An overview of malware‑signing‑as‑a‑service | Image: Microsoft
Microsoft’s Digital Crimes Unit (DCU) has delivered a massive blow to the cybercrime underground. In May 2026, alongside cybersecurity partner Resecurity, Microsoft disrupted “Fox Tempest,” a prominent player in the global malware supply chain.
The Business of Fraudulent Trust
Fox Tempest did not hack networks directly. Instead, the group carved out a lucrative niche by offering malware-signing-as-a-service (MSaaS) to other high-profile cybercriminals.
According to the Microsoft Threat Intelligence report:
“The threat actor abuses Microsoft Artifact Signing to generate short-lived, fraudulent code-signing certificates to appear legitimately signed, allowing malware to evade security controls.”

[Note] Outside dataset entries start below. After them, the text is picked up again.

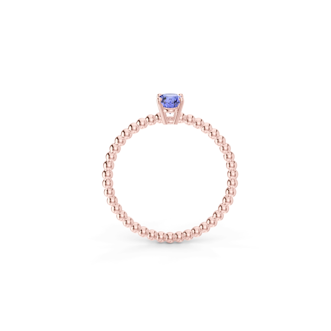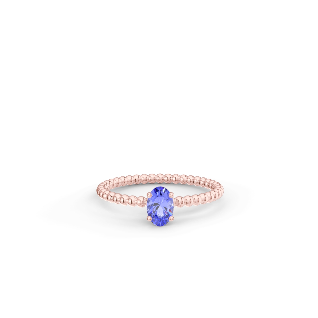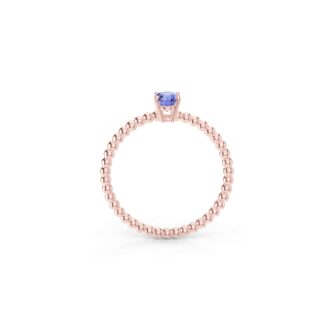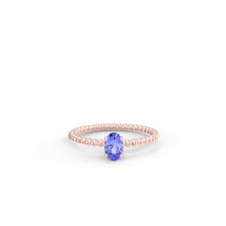 Prsten z kuličkového 14 Kt růžového zlata s oválným tanzanitem o velikosti 6 x 4 mm.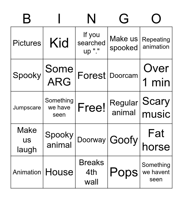 This bingo card has a free space and 24 words: Spooky animal, House, Forest, Animation, Repeating animation, Pictures, Spooky, Kid, Regular animal, Doorway, Doorcam, Jumpscare, Goofy, Fat horse, Some ARG, Pops, Scary music, If you searched up ".", Over 1 min, Something we have seen, Something we havent seen, Make us laugh, Make us spooked and Breaks 4th wall.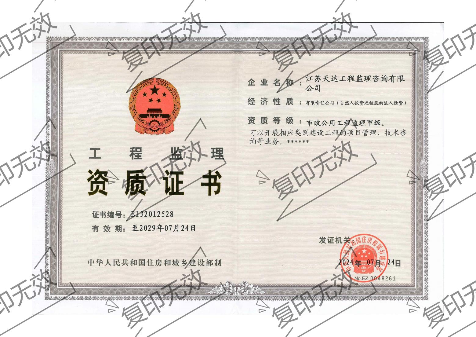1、市政公用工程監理甲級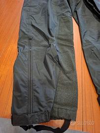 Salopette sia con cerniera che con velcro sul petto, cerniera su caviglia e protezione laterale destra.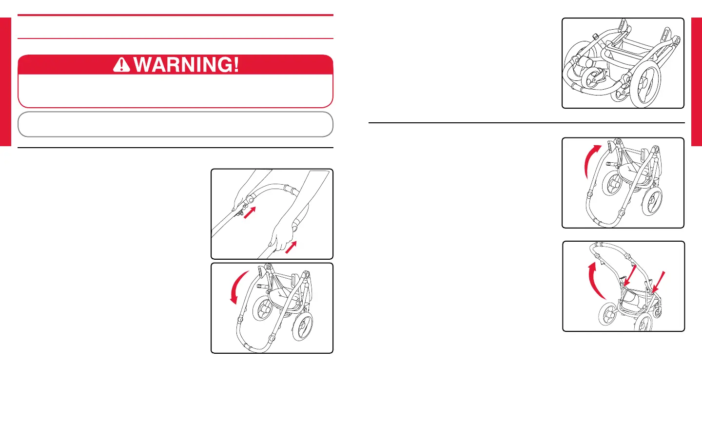• Do not fold or unfold when a child is in or near the stroller.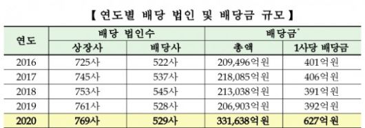 거래소에 따르면 2020년 결산 현금배당을 실시한 유가증권시장 법인은 총 769곳 중 529개사, 배당금총액(우선주 포함)은 33조2000억원을 기록했다. 1사당 평균 배당금은 627억원으로 최근 5년 내 최고치를 기록했다.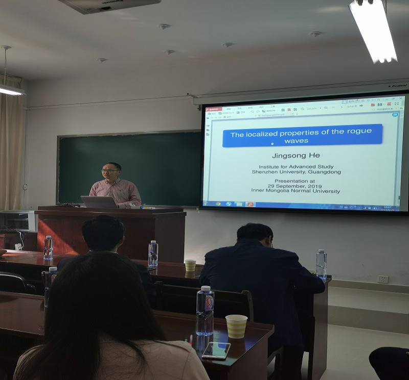 2019年9月29日,深圳大学高等研究院贺劲松教授、青海师范大学数学系加羊杰博士应邀为beat365师生作学术报告。报告由扎其劳教授主持,beat365 20余名师生参加了报告。贺劲松教授报告题目为“The localized properties of the rogue waves”,引入怪波“来无影、去无踪”的特征,说明它关于时间和空间是局域的。通过详细讨论复mKdV 方程 和Kundu-Eckhaus方程的怪波的长度、宽度和面积,定量刻画了所得怪波的局域化性质。同时,介绍了相关怪波研究的一些新进展。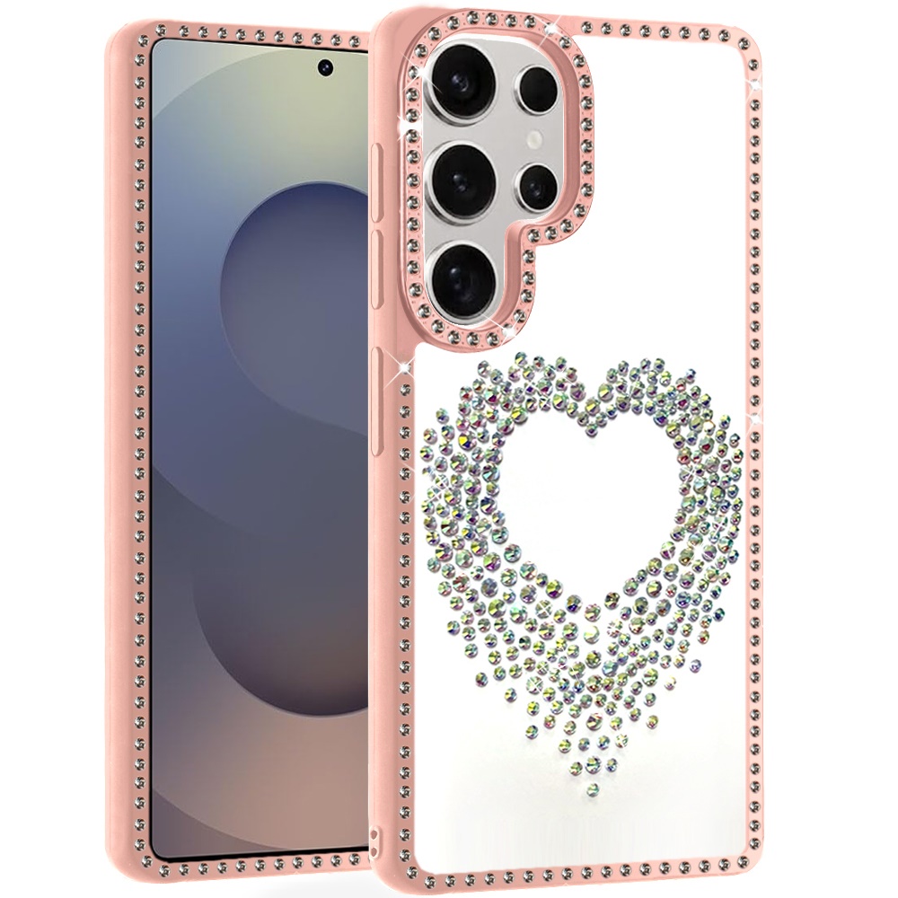 For Samsung s25 Ultra Beautiful ANGEL Hearts Glitter Shimmer Diamond Edged Hybrid Case - Pink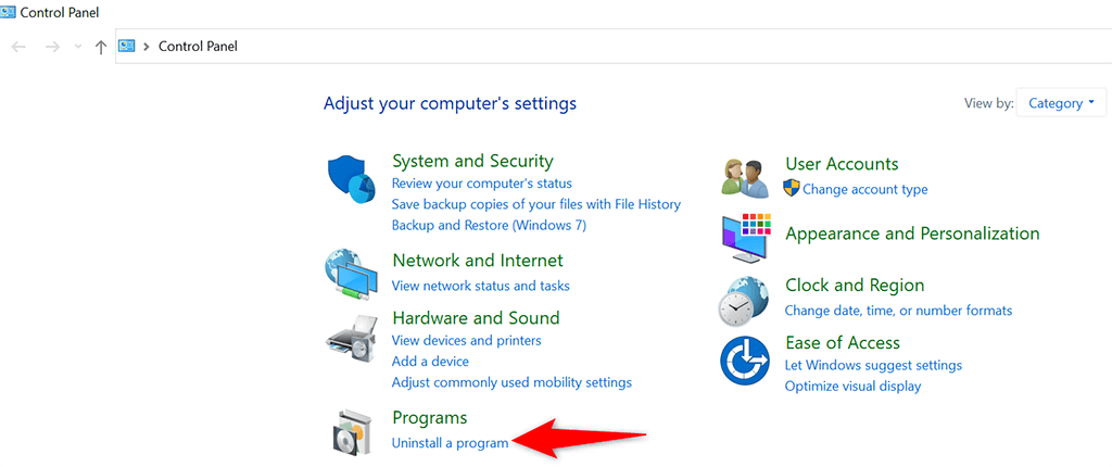 - Select Uninstall a program (underneath Programs ) in the Control Panel window.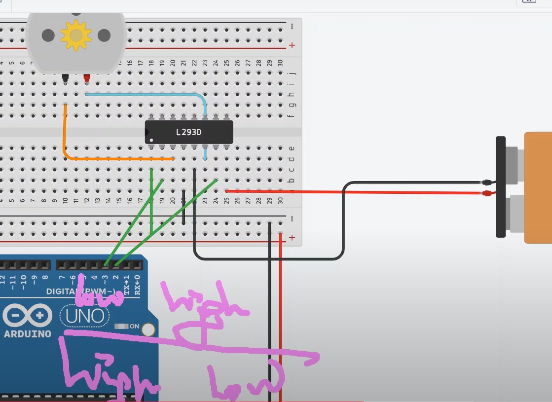 2번과 3번을 각각 LOW, HIGH로 두었을 때와, HIGH, LOW로 바꿨을 때, 회전하는 방향이 반대가 됩니다.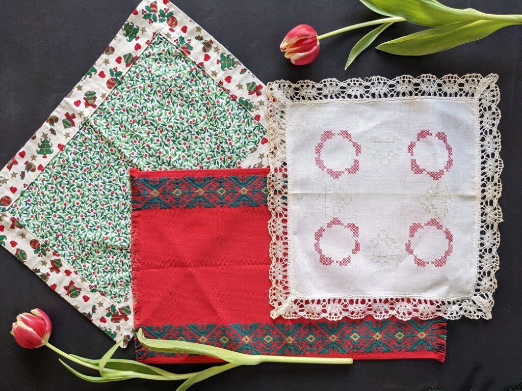 De andere kleedjes die ik in de kersttijd liet zien, heb ik nu ook in m’n shop geplaatst. Een kleedje van stof, een kleedje met doorgeregen randen, en een geborduurd kleedje met gekloste rand. De diversiteit om met handwerk een leuk kleedje te maken is groot!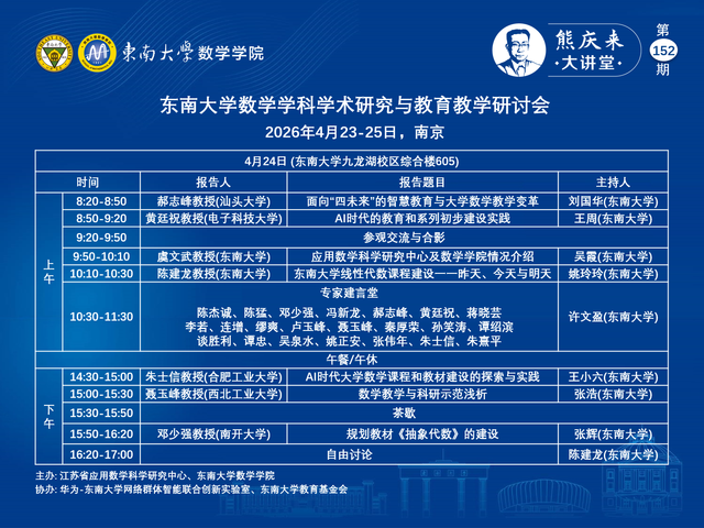 熊庆来大讲堂152期:2026.04.23 ~ 04. 25 - 91短视频 数学学科学术研究与教育教学研讨会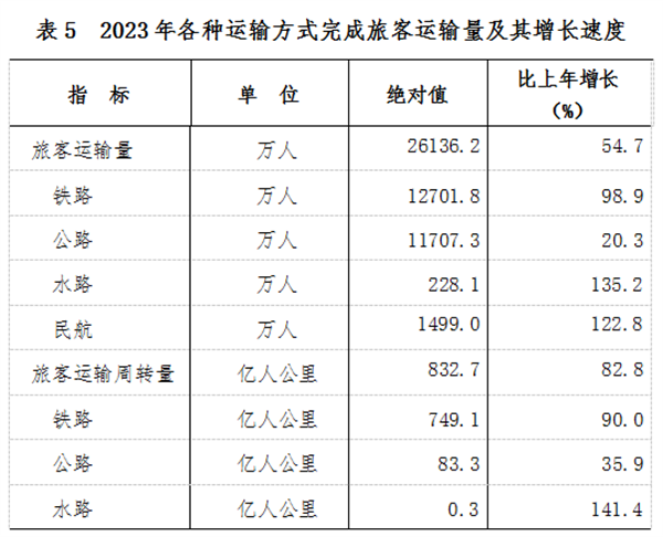 全年旅客运输量26136.2万人,比上年增长54.7%;旅客运输周转量832.7亿人公里,增长82.8%。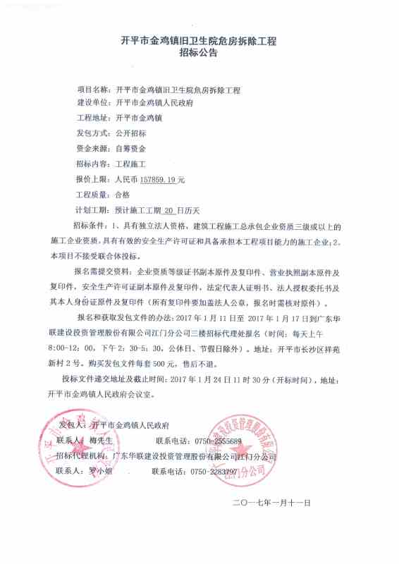 開(kāi)平市金雞鎮(zhèn)舊衛(wèi)生院危房拆除工程招標(biāo)公告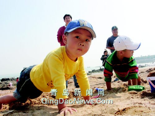 半小時后,他們拎著“戰(zhàn)利品”回到沙灘,“現(xiàn)在比賽搭房子,看誰的房子漂亮!”史志璋和曲穎華兩名老人也加入了“戰(zhàn)團”。半小時后,兩家的房子全都建好了,當(dāng)“評委”的姥爺史志璋宣布雙方打了個平手,又讓加賽一輪:兩個孩子比比誰的泳姿好。兩個孩子當(dāng)起了“旱鴨子”,在沙灘上比劃游泳姿勢,結(jié)果仍是難分高下。時間在笑聲中飛快溜去,孩子們的肚子開始“抗議”,中午12時許,一家人“搬師”飯店聚餐。記者聶向鋒攝影報道
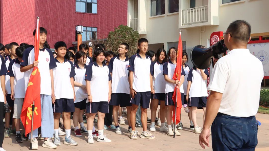 同學(xué)們唱著嘹亮的軍歌,身著齊整的校服,邁著堅定的步伐按連隊順序出發(fā)。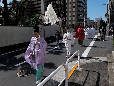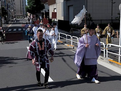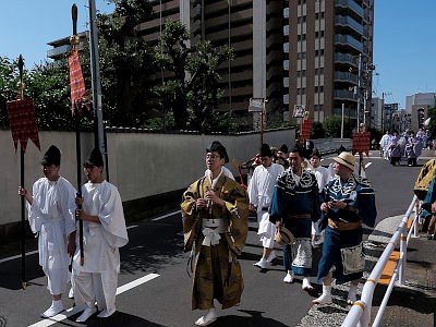 神輿行列は北品川方面から旧東海道を下り、品川神社に宮入りする。

By abusing this infrastructure, the group generated digital certificates that remained valid for 72 hours. This narrow window allowed malicious payloads to masquerade as trusted everyday tools like Microsoft Teams, AnyDesk, and PuTTY. To bypass strict industry security verification, Fox Tempest likely relied on stolen identities from the United States and Canada to register hundreds of fraudulent Azure tenants and generate thousands of fake certificates.
A Premium Pricing Model
This operation ran like a legitimate enterprise, managing customer relations and processing high-value financial transactions. The group advertised its capabilities under the Telegram handle “EV Certs for Sale by SamCodeSign”. Customers filled out an English and Russian Google Form to select a tier package. These premium plans ranged from $5,000 to $9,000 USD, with higher-paying clients receiving priority access in the processing queue.
In February 2026, the group upgraded its infrastructure to streamline operations. They began providing buyers with pre-configured virtual machines (VMs) hosted on Cloudzy’s virtual private servers. This shift allowed buyers to upload malware files directly into Fox Tempest-controlled environments to receive signed binaries automatically.
Fueling the Ransomware Ecosystem
The downstream damage from this single service is staggering. Microsoft observed multiple aggressive threat actors leveraging Fox Tempest’s signed files to launch active network intrusions.
The report notes the wide reach of the operation:
“Microsoft Threat Intelligence observed Fox Tempest’s operations enabling the deployment of Rhysida ransomware by threat actors such as Vanilla Tempest, as well as the distribution of other malware families including Oyster, Lumma Stealer, and Vidar.”
For example, an actor known as Vanilla Tempest used the service to sign trojanized Microsoft Teams installers. They then distributed these malicious files via legitimate paid search ads and search engine optimization (SEO) poisoning. Unsuspecting users downloaded a fake installer, which quietly deployed the Oyster backdoor to grant initial access to corporate networks.
From there, attackers dropped devastating ransomware payloads. This pipeline fueled attacks across global healthcare, education, and financial sectors.
Fortunately, Microsoft’s intervention has revoked over one thousand fraudulent certificates and knocked out the core infrastructure. For system administrators and CISOs, this takedown removes a critical pillar that threat actors rely on to sneak past endpoint defenses.